The odd thing is that the little aches and burdensome heaviness of my fifty years were not felt for the moment, and I really felt like I was eight again. The years and the pounds had melted magically away and I felt like all of my future was ahead of me, rather than only half of it. The sense of youth was so palpable that the promise of life ahead of me was not just a promise but a present reality. An unforeseen, unsensed future reality in the present.

Now it is gone. I sit in front of my computer and jam heavily on the keys. My shoulders ache from the stress of my body drooping down towards the center of the earth, as if magnetized towards the core. If I stood up and walked I would feel the sharp knives in my knees cutting through the years of torquing my knees one way or another, reaching for running backs or chasing a toddler. Stressed by the extra pounds around my abdomen. Just thinking about my shoulders, exacerbates the feelings in my neck and shoulders.

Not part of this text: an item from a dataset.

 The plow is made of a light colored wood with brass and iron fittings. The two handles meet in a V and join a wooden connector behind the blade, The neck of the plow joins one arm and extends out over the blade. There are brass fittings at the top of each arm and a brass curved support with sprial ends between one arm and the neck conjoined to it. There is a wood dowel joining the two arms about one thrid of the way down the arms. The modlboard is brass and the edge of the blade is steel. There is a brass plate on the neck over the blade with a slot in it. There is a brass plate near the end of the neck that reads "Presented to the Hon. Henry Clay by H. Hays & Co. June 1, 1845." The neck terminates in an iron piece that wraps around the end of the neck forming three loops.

Age. Fun.

But why did Huntsville creep through my mind? I consider the Huntsville of 1965. The somnolent village along the Tennessee River in Northern Alabama, surrounded by cotton fields and Monte Sano are almost gone, replaced by the world of Space Exploration and missiles. Werner Von Braun, a rocket scientist, plucked from Germany at the end of World War II and sent to live and work in this little Southern town, is the unofficial king of Huntsville. He appears at school open houses and Fourth of July parades. Everything is brand new and modern. My school is new, my home and the subdivision in which it is located are brand new. The designs are so modern, so different from the little frame houses in which the rest of my family live.

The school age boys in my neighborhood play in the houses under construction after the construction crews go home at night or run through the cotton fields at the end of our road, picking cotton bolls like mad boll weevils in the summer sunshine. Nothing is more wonderful than a large pile of dirt in someone's yard, a place for the imagination to see battlefields and constructions sites (what irony) or plantations along the Tennessee River. Only the call for supper and the inevitable shower from a garden hose before we enter the house with all that dirt, can stop our ramblings.

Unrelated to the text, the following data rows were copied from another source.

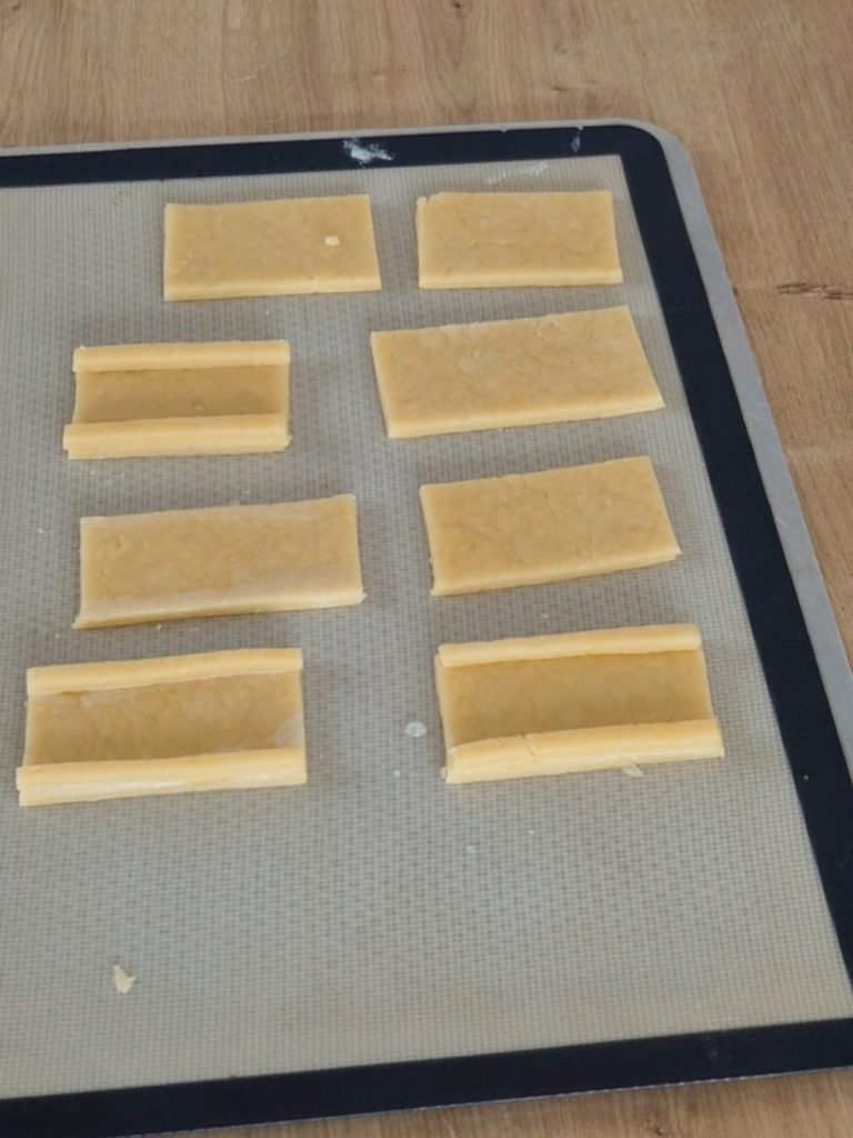 - Avec de petits morceaux de pâte, formez des rebords autour de chaque rectangle et collez-les avec un peu d’eau.
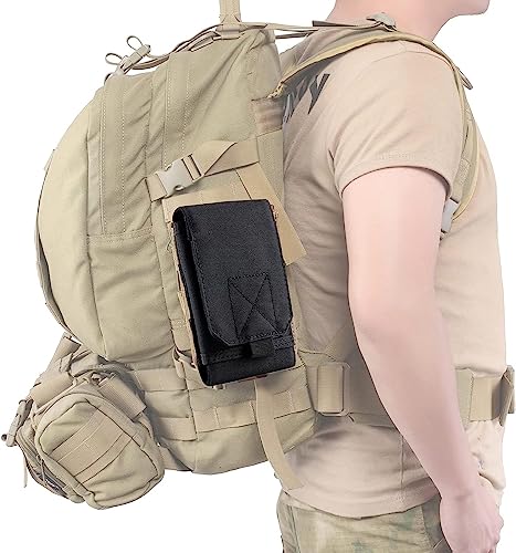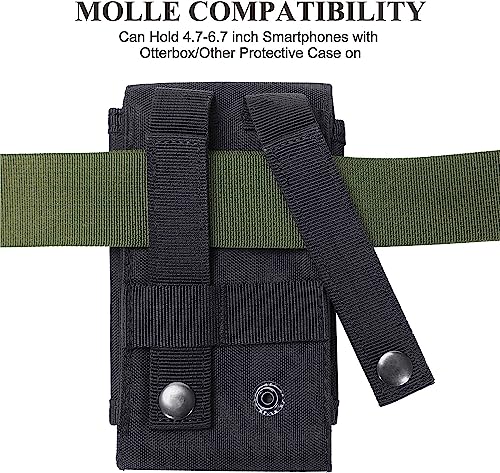 Clixera Tactical Mobile Pouch, Polyester Smartphone Card Holster, Army Camo Molle Bag for Mobile Phone Belt Pouch Holster Cover Case, 16.5 X 9.5 X 2.5 cm (Black)
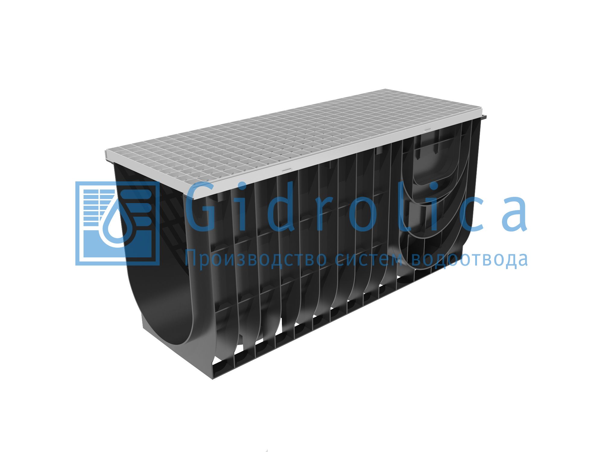 Комплект Gidrolica Light: лоток водоотводный ЛВ-30.38.48 - пластиковый c решеткой РВ -30.37.100 ячеистой стальной оцинкованной, кл. А15
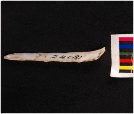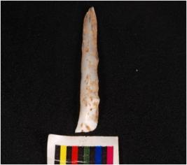 | Description / विवरण | Parallel sided blade with a mid ridge on dorsal side, diffused bulb on ventral side and use-wear marks on edges. |
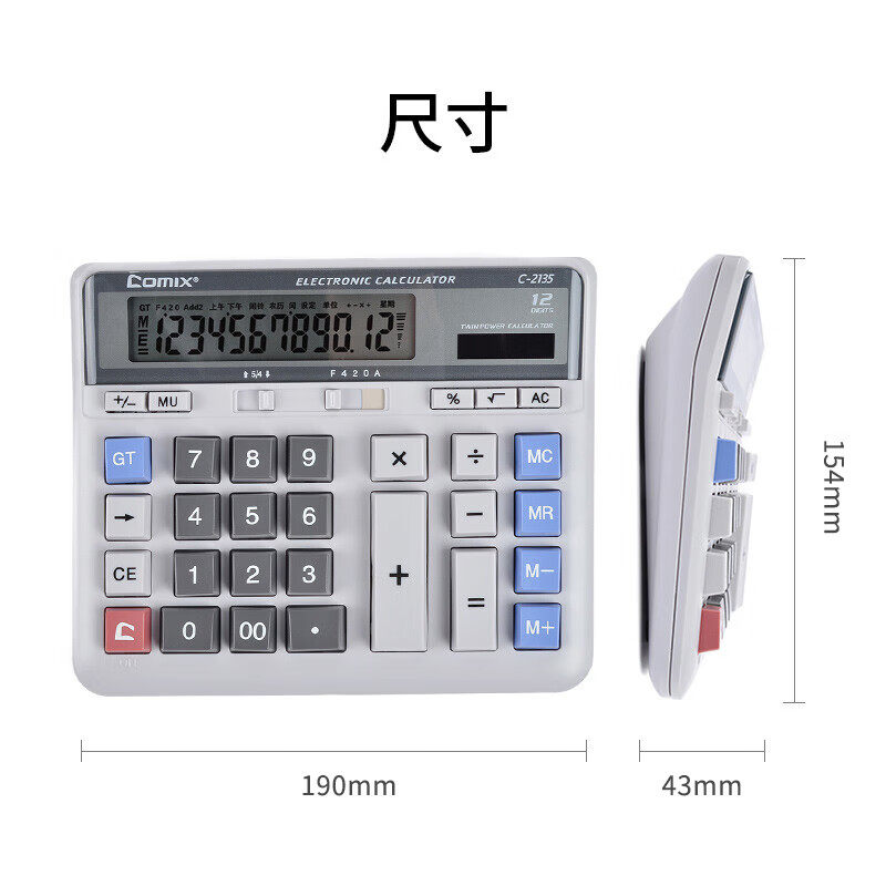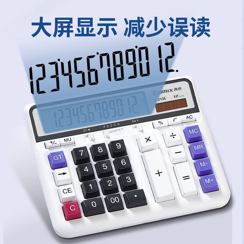 齐心计算器大按键财务会计用大显示屏大号双重电源计算机器商务店铺用办公用品专用

This time living in Huntsville was only a short respite between the Indianapolis of my toddler years and the rest of my life in Georgia. Everything about it was a midpoint. I remember shopping for groceries in an old country store a couple of miles from home and eating pork barbecue in a joint on the edge of town, the walls covered with calendars decorated with hunting scenes or the latest team from Tuscaloosa or Auburn. I remember my bus driver loudly singing country songs to us as we pulled into the drive for our elementary school. And I remember the "whites-only" pool in which I learned how to swim and the exotic vegetables at the farmer's market, varieties of which I had never heard until we came down South and inspected nature's bounty up close.

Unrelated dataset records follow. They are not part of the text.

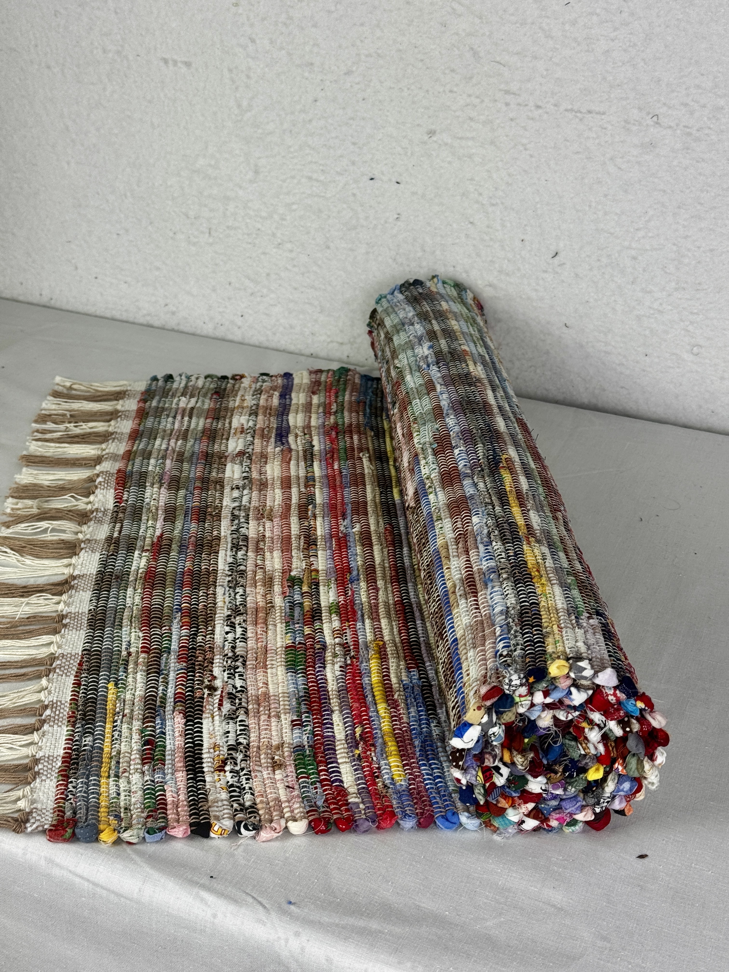 Discover the extraordinary world of recycling with my remarkable rugs. Crafted from once-beloved household textiles, these rugs breathe new life into forgotten fabrics. Each rug is a captivating tapestry of repurposed wonders, blending sweaters, socks, shirts, jeans, bedding, and beyond. Each rug lends its own uniqueness due to the blend of textures and colors.
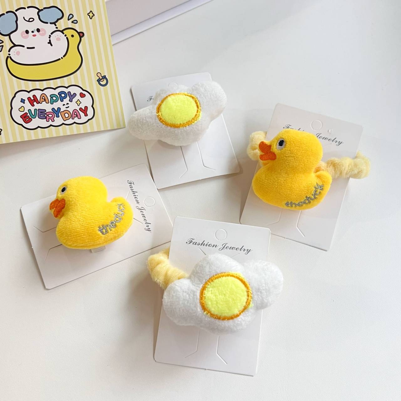 • 우유 노랑 꼬마 오리 머리핀 머리핀 [데친 달걀 머리핀]]
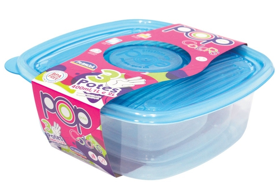 Conjunto de potes ref. 1305945 Conj. de potes pop quadrado 3 pç. - Plasútil
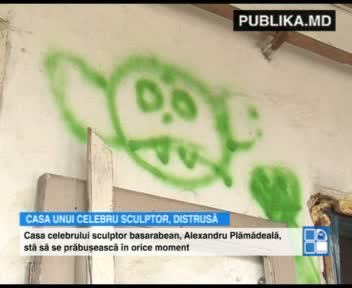 Casa celebrului sculptor basarabean, Alexandru Plămădeală, stă să se prăbuşească în orice clipă peste trecători. Chiar dacă are proprietari, clădirea istorică arată dezastruos. Apa curge prin acoperiş, tencuiala cade, iar prin preajmă e plin de gunoaie.
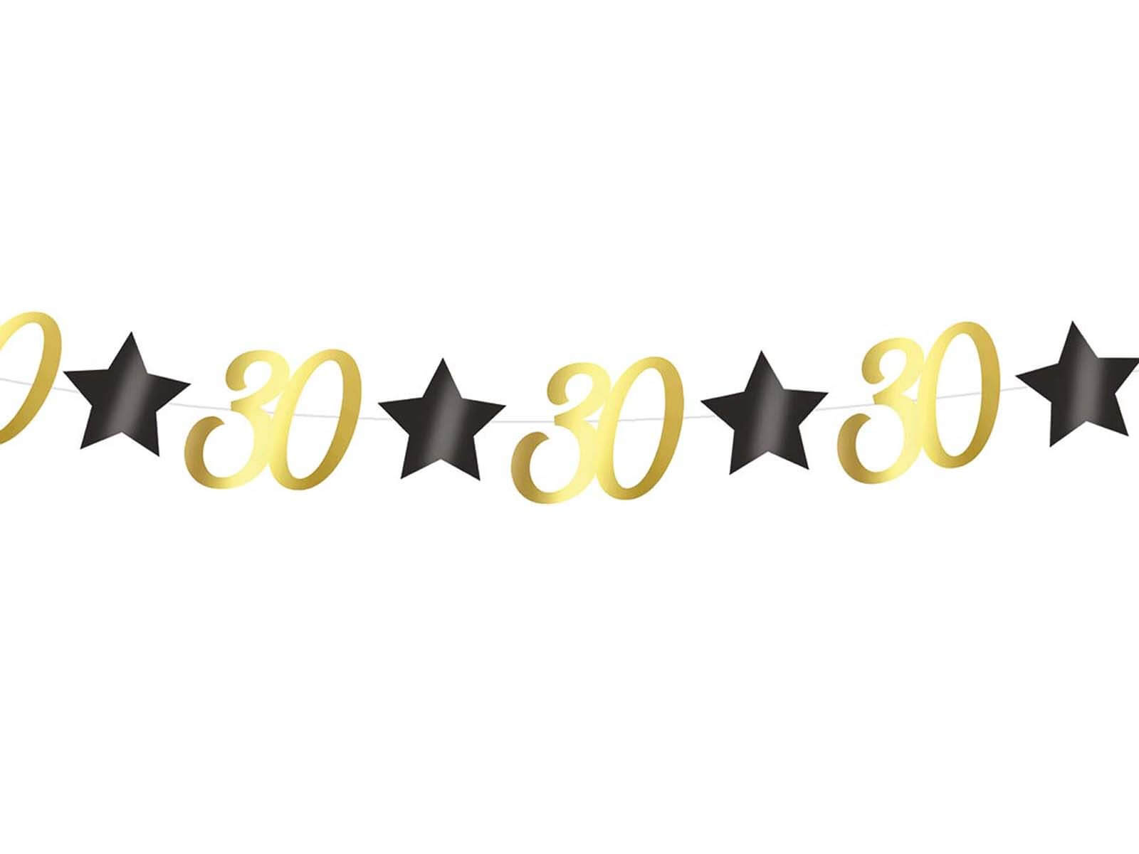• Füzér aranyozott harmincas és fekete csillagokkal, tökéletes egy harmincadik születésnapi partira.
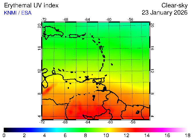 Clear-sky UV index:   erythemal
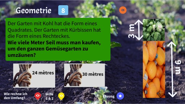 Der Garten mit Kohl hat die Form eines Quadrates. Der Garten mit Kürbissen hat die Form eines Rechteckes. Wie viele Meter Seil muss man kaufen, um den ganzen Gemüsegarten zu umzäunen?
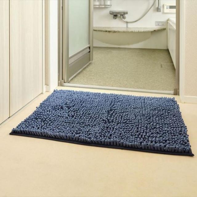 バスマット 50x70cm 超吸水マイクロファイバーモール SUSU 抗菌ストロングW バスマット ネイビー Lサイズ

But I also remember attending school programs at Redstone Arsenal and seeing the missiles and rockets and cannons, which were all the most current techology, pointed away from Huntsville and Alabama and toward the world and beyond. I see my dad representing the brand new computers of IBM in his suit, white shirt and tie. I remember feeling the earth shake and hearing the windows rattle as NASA tested the Saturn rocket boosters which would lead man to walk on the moon. I remember looking out my window at night, trying to catch a glimpse of one of the astronauts as they sailed overhead.

So everything was old and antique and a sleepy reminder of earlier times, but also restless, brand new, vibrant and promising of the Future. Ray Bradbury had come to live with Truman Copote and the world of To Kill a Mockingbird. That was Huntsville, Alabama in 1965.